▶ **What the task requires**: Your answer is one number: the count of lines below that hold the word "some".

▶ **Data**:
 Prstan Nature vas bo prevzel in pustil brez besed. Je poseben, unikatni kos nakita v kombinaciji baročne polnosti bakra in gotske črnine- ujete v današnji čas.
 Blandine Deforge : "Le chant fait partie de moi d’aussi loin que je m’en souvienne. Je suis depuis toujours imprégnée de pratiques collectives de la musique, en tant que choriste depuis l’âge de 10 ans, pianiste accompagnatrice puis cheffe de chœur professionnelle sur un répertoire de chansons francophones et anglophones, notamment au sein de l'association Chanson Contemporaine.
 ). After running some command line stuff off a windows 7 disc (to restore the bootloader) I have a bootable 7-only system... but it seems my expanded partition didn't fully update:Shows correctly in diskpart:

--

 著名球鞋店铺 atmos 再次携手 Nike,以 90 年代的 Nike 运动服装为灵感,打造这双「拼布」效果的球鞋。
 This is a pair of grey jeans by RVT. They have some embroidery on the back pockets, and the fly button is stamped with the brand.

==

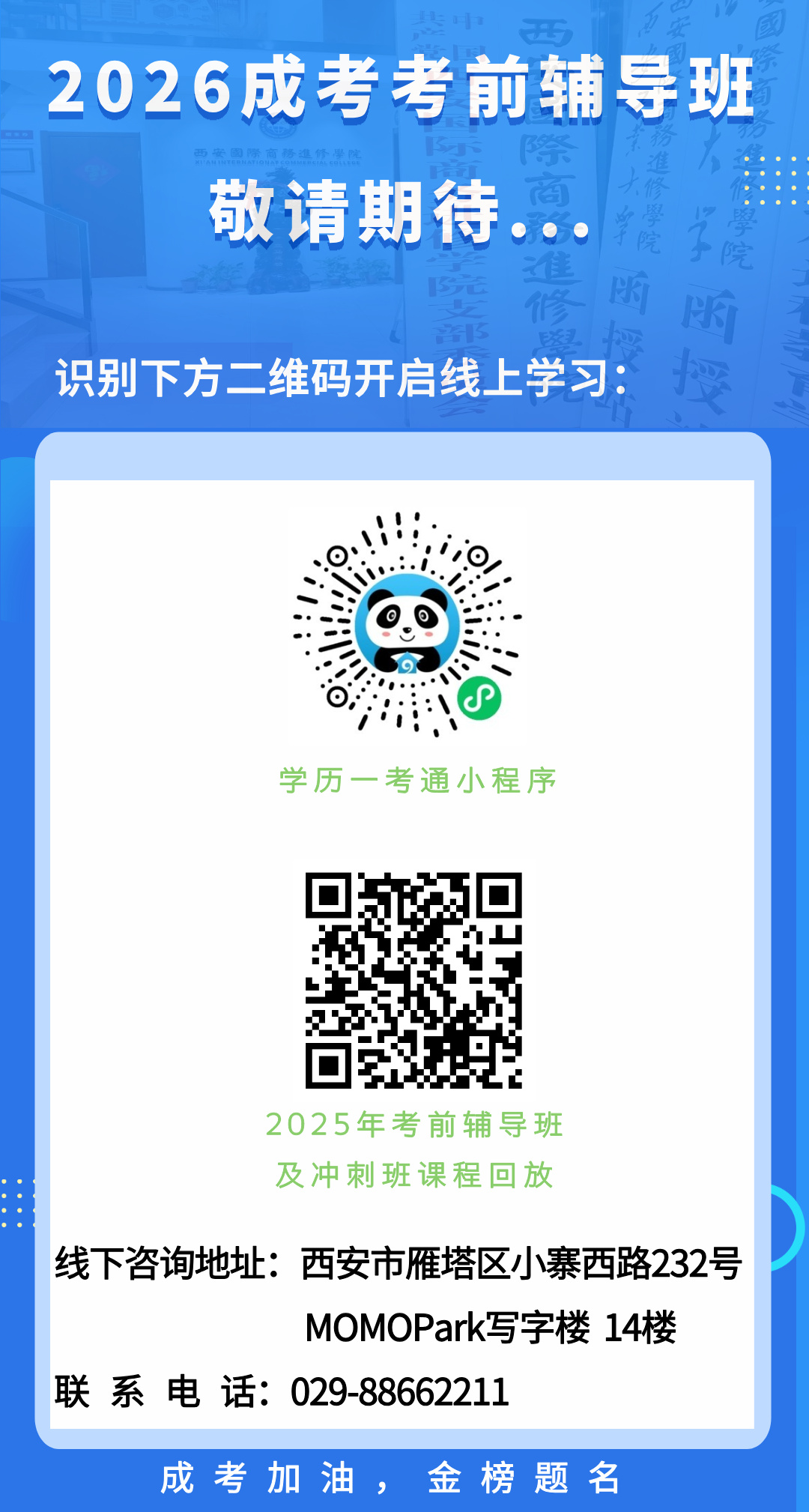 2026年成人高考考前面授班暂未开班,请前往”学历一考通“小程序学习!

▶ **Answer section**: 2